II. Avec cette réforme ambitieuse, nous voulons alléger, simplifier et adapter organisation territoriale de la France pour plus d’efficacité et plus de démocratie locale. 1er axe : Alléger et simplifier notre organisation territoriale .. Organiser les collectivités territoriales autour de 2 pôles :

• un pôle régions-départements grâce à la création du conseiller territorial siégeant à la fois au conseil général et au conseil régional. C’est une réforme simple et pragmatique, loin des querelles stériles entre pro-départements et pro-régions, qui permettra, au plus près des réalités du terrain, d’éviter les interventions concurrentes des départements et des régions. – Pour une meilleure performance des territoires, il y aura, en tout, 3 000 conseillers territoriaux qui succèderont aux 6 000  élus actuels (soit 4 000 conseillers généraux et 2 000 conseillers régionaux). Les élus représentant les territoires seront donc deux fois moins nombreux, mais deux fois plus puissants et deux fois plus performants.

- Le mode de scrutin sera mixte : 80% des conseillers territoriaux  seront élus au scrutin majoritaire uninominal à un tour dans des cantons redessinés et élargis ; 20% des conseillers territoriaux seront élus à la proportionnelle sur une liste départementale. Chaque voix comptera.

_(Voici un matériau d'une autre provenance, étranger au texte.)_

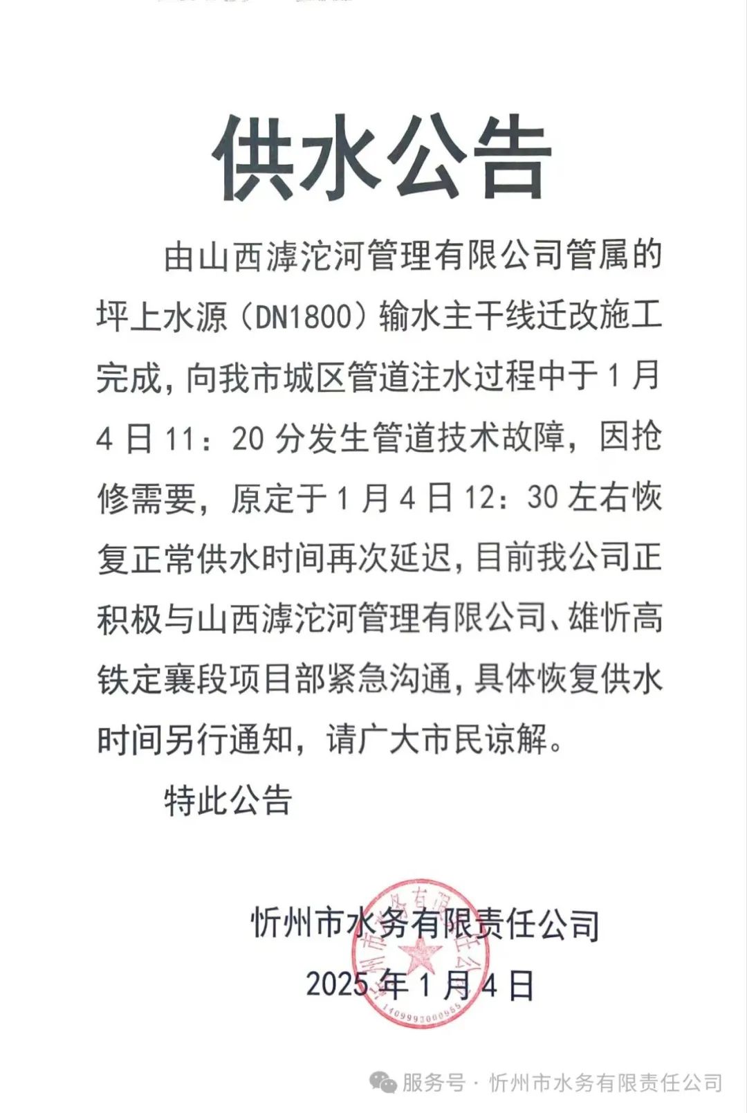 最新消息!城區(qū)恢復(fù)供水時間延遲
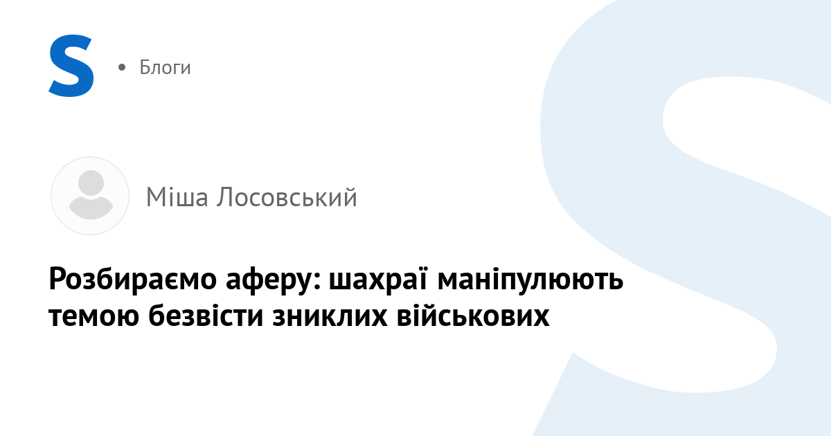 В Україні правоохоронні органи фіксують небезпечну та цинічну форму шахрайства, пов'язану з темою безвісти зниклих військовослужбовців. Зловмисники використовують відкриту інформацію, чутки та емоційний стан родичів захисників, щоб маніпулювати близькими та незаконно збагачуватися. Шахраї спекулюють на надії та відчаї людей, які місяцями не мають зв'язку зі своїми рідними, пропонуючи «допомогу» в пошуку, обмін інформацією або нібито сприяння у звільненні з полону. Насправді ж мета таких контактів – виманити гроші або конфіденційні дані.
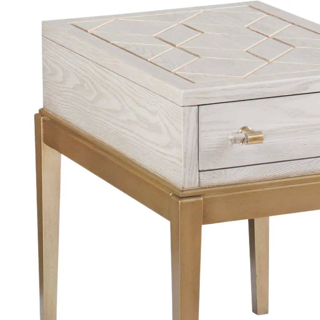 The Orla Accent Table showcases versatile transitional styling, bringing a sense of elegance to your space. Its design features a geometric pattern and accents that add charm and character to this trustworthy piece of furniture. It's a delightful addition to your home, marrying style and function seamlessly.
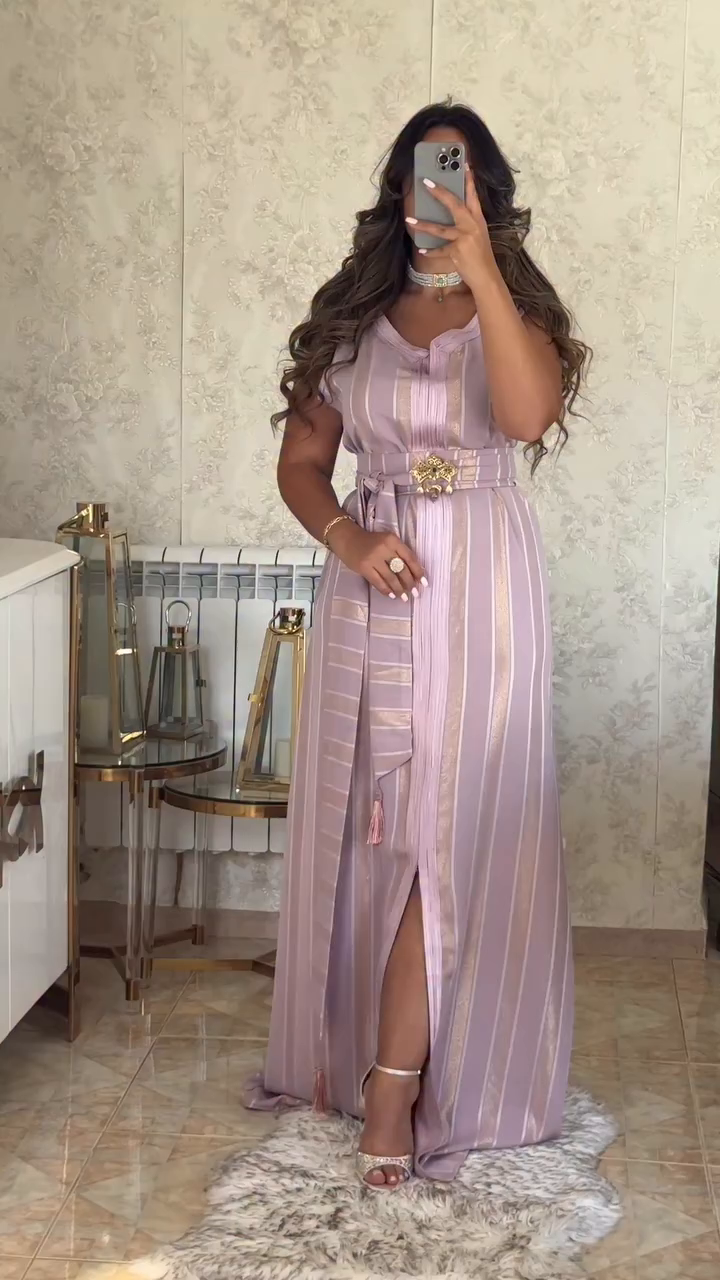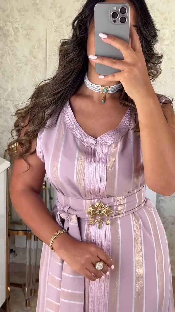 Plongez dans l’univers raffiné de la collection Nedjma avec ce modèle unique en crêpe premium, sublimé par des rayures lavande et or qui captent la lumière à chaque mouvement.
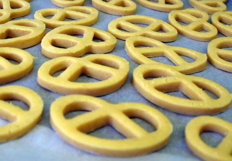 Egy kis szív alakú sütivágóval kivágjuk a szíveket az állott ...
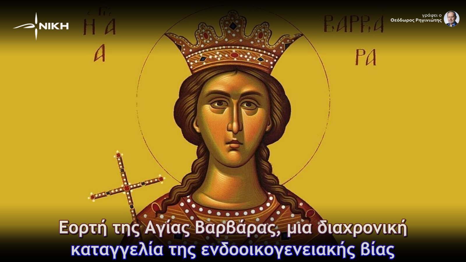 Σήμερα, που “όλα τα ξέρουμε” και με “όλα” ασχολούμαστε, εκτός από τον δικό μας ορθόδοξο πολιτισμό και την ανεκτίμητη πνευματική κληρονομιά που μεταφέρει, οι περισσότεροι νομίζω ότι αγνοούν τη ζωή της αγίας Βαρβάρας και μάλιστα φοβάμαι ότι δεν ξέρουν ούτε ότι σήμερα, 4 του Δεκέμβρη, είναι η γιορτή της (για τη γιορτή του Αγίου Ιωάννη Δαμασκηνού, του μεγάλου ποιητή της Ανάστασης και της κηδείας, που του έκοψαν το χέρι για να μη γράφει τα σπουδαία συγγράμματά του, και τη γιορτή του μεγαλομάρτυρα επισκόπου Σεραφείμ του Φαναρίου, που τον σούβλισαν οι Τούρκοι, ούτε λόγος αν τη γνωρίζουν οι περισσότεροι αδελφοί και συνάνθρωποί μας, βαπτισμένοι ορθόδοξοι χριστιανοί Έλληνες).
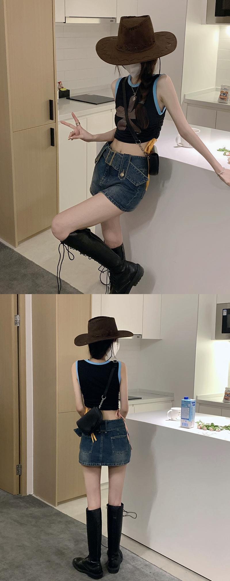 デニムショートスカートレディースサマー薄手バッグヒップスカートレトロデザインセンススモールハイウエストパンツスカートトレンド ハイウェスト 夏物 7460064960398875 | framboise21

Ce scrutin permettra de conserver le lien entre l’élu et le territoire et de favoriser la représentation de la diversité des  sensibilités politiques dans les assemblées locales.

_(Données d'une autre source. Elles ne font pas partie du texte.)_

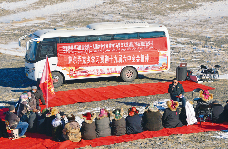 新疆巴里坤哈薩克自治縣組建“馬背文藝宣講隊(duì)”,深入邊遠(yuǎn)農(nóng)牧區(qū)鄉(xiāng)村開展黨的十九屆六中全會(huì)精神巡回宣講。圖為2021年12月1日,宣講隊(duì)給冬牧場的哈薩克族牧民宣講全會(huì)精神。 人民圖片 張建剛/攝
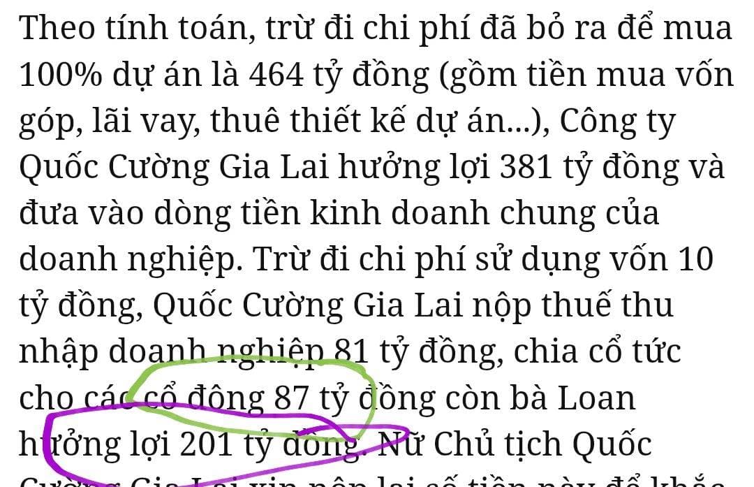 Nvl mua bán đúng luật, xây dựng dự án đóng góp XH đó là việc tốt với dân, có gì mà đem nvl vào vụ này? Định suy diễn tiêu cực hả. Còn nói về Qcg, cô Loan đã gác kiếm chính ở Qcg cách đây gần 2 năm rồi anh Cường điều hành chính, tiền khắc phục hậu quả của cô Loan là tiền cá nhân và bđs riêng không liên quan DN Quốc Cường Gia Lai. Dự án Phước Kiểng chắc chắn là anh Cường đang gấp rút chuộc dự án về 1100 tỷ đã ném vào đó rồi ko lý do gì mà suy diễn tiêu cực bopa méo sự nỗ lực của người ta được ![]()
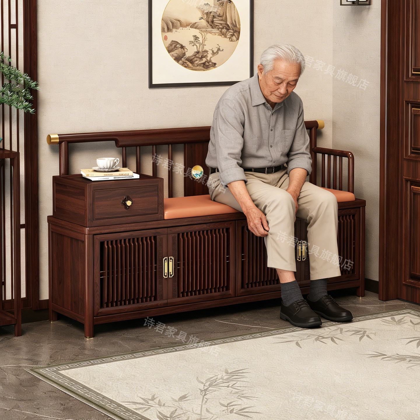 乌金木实木换鞋凳鞋柜一体家用新中式靠背鞋柜穿鞋凳一体入户可坐
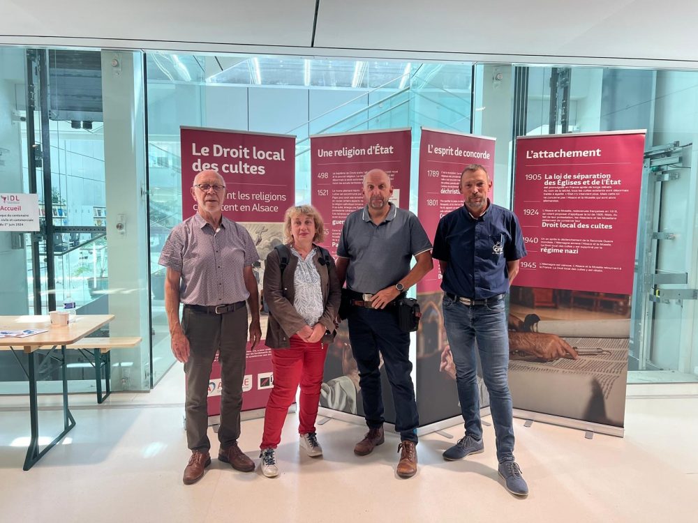 Le droit local célèbre cette semaine son centenaire, avec des colloques organisés à Strasbourg les 21 et 22 juin. Lors de ces événements, Laurent Walter, secrétaire général de la CFTC Grand Est, Antoine Fabian, Claude Wild et Caroline Wodli ont participé activement aux discussions et échanges.

- La première élection des conseillers territoriaux aura lieu en 2014. Pour cela, nous allons, à titre exceptionnel, fixer à 4 ans les mandats des conseillers régionaux élus en mars 2010 et à 3 ans les mandats des conseillers généraux élus en mars 2011.

• un pôle communes-intercommunalités qu’il s’agit de conforter grâce à :

- l’achèvement de la couverture intercommunale du territoire national d’ici fin 2013 : les communes sont plus fortes lorsqu’elles choisissent de se rapprocher pour réaliser, ensemble, des projets.

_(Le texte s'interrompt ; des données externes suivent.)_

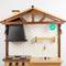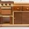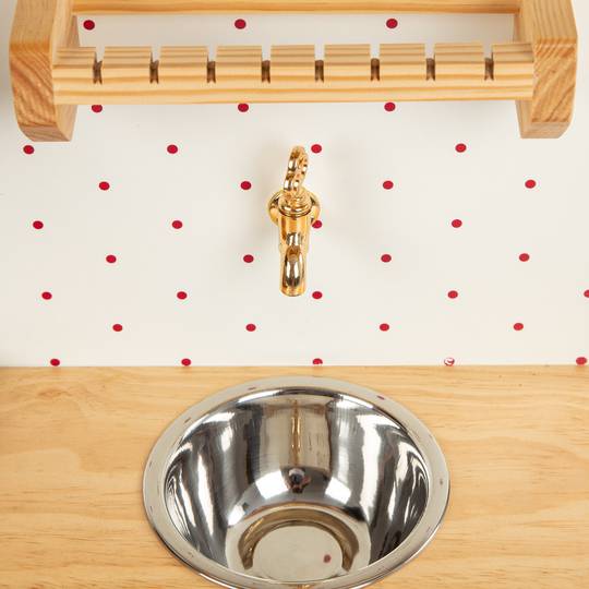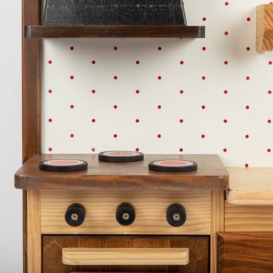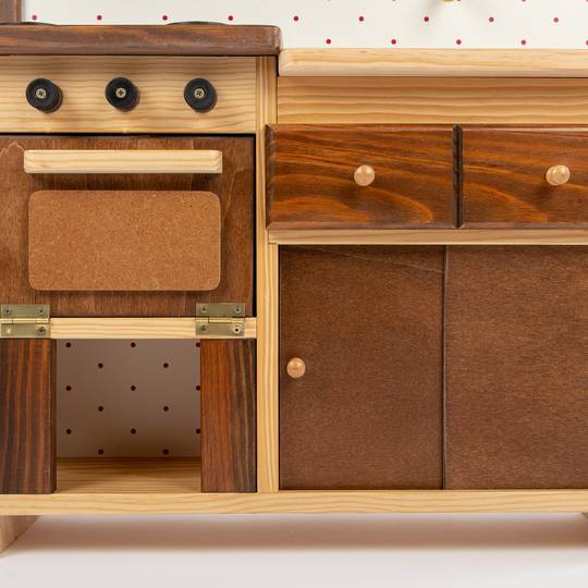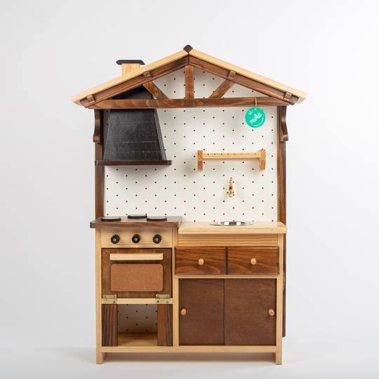 Cuineta de fusta d'estil rústic. Té calaixos, armaris, forn, prestatges, fogons amb pica i aixeta, extractor de fums ... També porta un dipòsit a la part posterior per poder omplir d'aigua i que surti per l'aixeta.
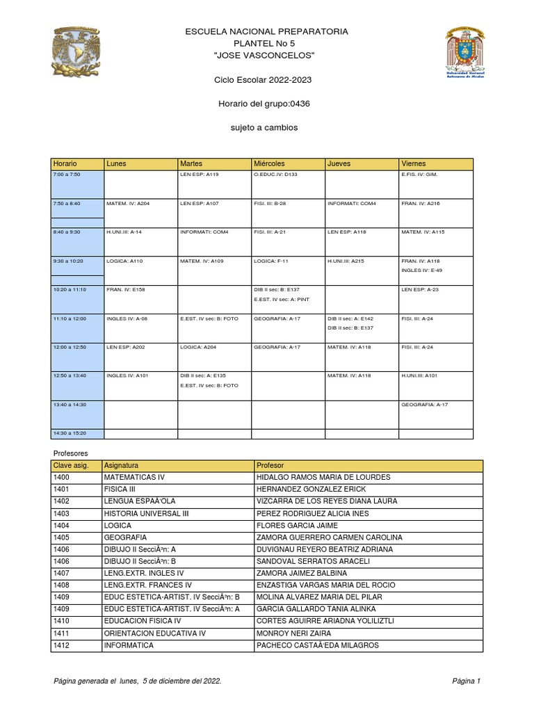 Página generada el lunes, 5 de diciembre del 2022. Página 1
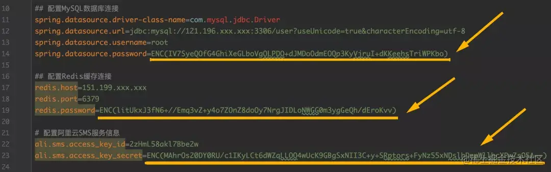 我们拿到上一步得到的加密结果,将配置文件中的原始明文密码替换成上一步对应的结果即可,就像这样:
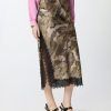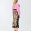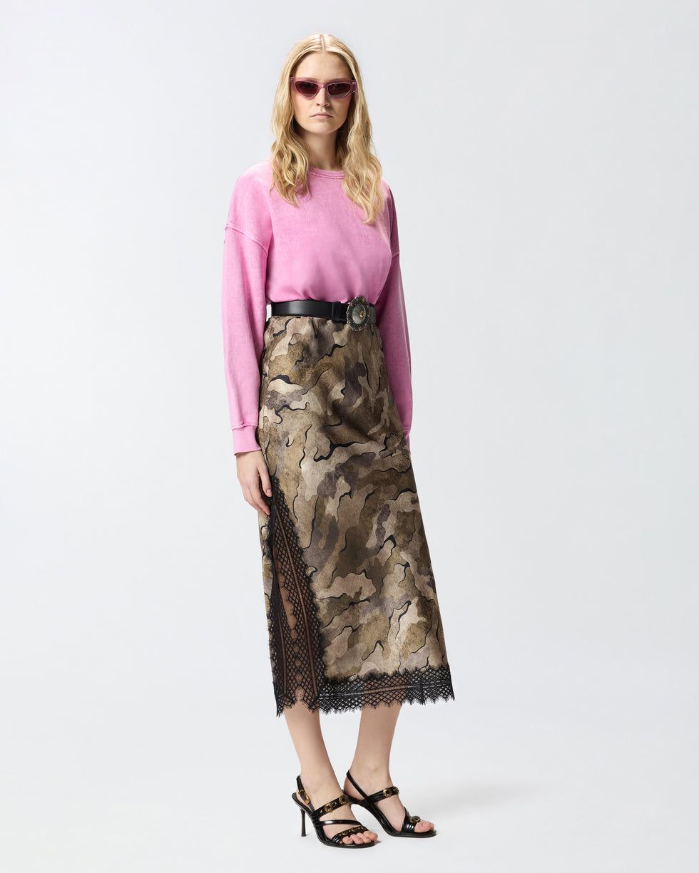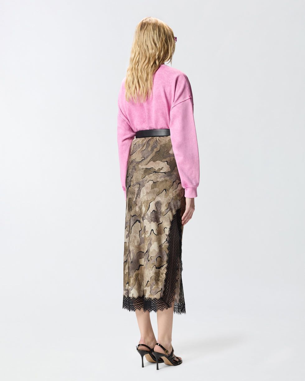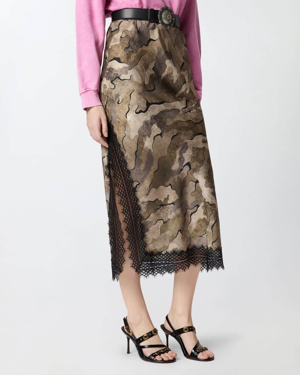 Μίντι φούστα σε ίσια γραμμή με άνετη ελαστική μέση, κατασκευασμένη από λεπτό σατέν ζακάρ ύφασμα με μοτίβο παραλλαγής σε όλη την επιφάνεια για μια military-chic πινελιά. Η φούστα, ιδανική για τολμηρά βραδινά looks, ακόμη και σε συνδυασμό με το ασορτί τοπ, είναι διακοσμημένο με μια λωρίδα από δαντέλα με lingerie στυλ στο κάτω μέρος και κατά μήκος του πλευρικού σκισίματος, με ελαφρώς ξεφτισμένο τελείωμα. – AMBRATO SKIRT

- une adaptation du périmètre des intercommunalités (EPCI et syndicats) pour tenir compte des réalités du terrain ;

- la suppression progressive des pays, qui ont eu tendance à devenir un échelon administratif supplémentaire.

 Permettre aux collectivités qui le souhaitent de se regrouper :

 

• des communes nouvelles pourront être créées selon une procédure plus simple, plus souple et plus incitative ; 

• de même, les départements qui le souhaitent pourront choisir de se regrouper ;

• les régions auront aussi cette faculté. .. Engager une réelle clarification des compétences des différents niveaux de collectivités selon des principes clairs et de bon sens :

• le législateur confiera aux régions et aux départements des compétences qui sont en principe des compétences exclusives, tandis que les communes conserveront leur compétence

générale ; • lorsque le législateur attribue une compétence à la région ou au département, l’autre collectivité ne peut l’exercer à sa place ;

• si une compétence est partagée, une collectivité peut être désignée chef de file ;

• le département et la région conserveront une capacité d’initiative dans les domaines où la législation est inexistante et si un intérêt local le justifie ;

• la pratique des financements croisés entre les collectivités territoriales doit être précisée, pour des projets dont l’envergure le justifie, pour des motifs de solidarité ou d’aménagement du territoire, notamment au bénéfice des communes rurales qui continueront à être soutenues.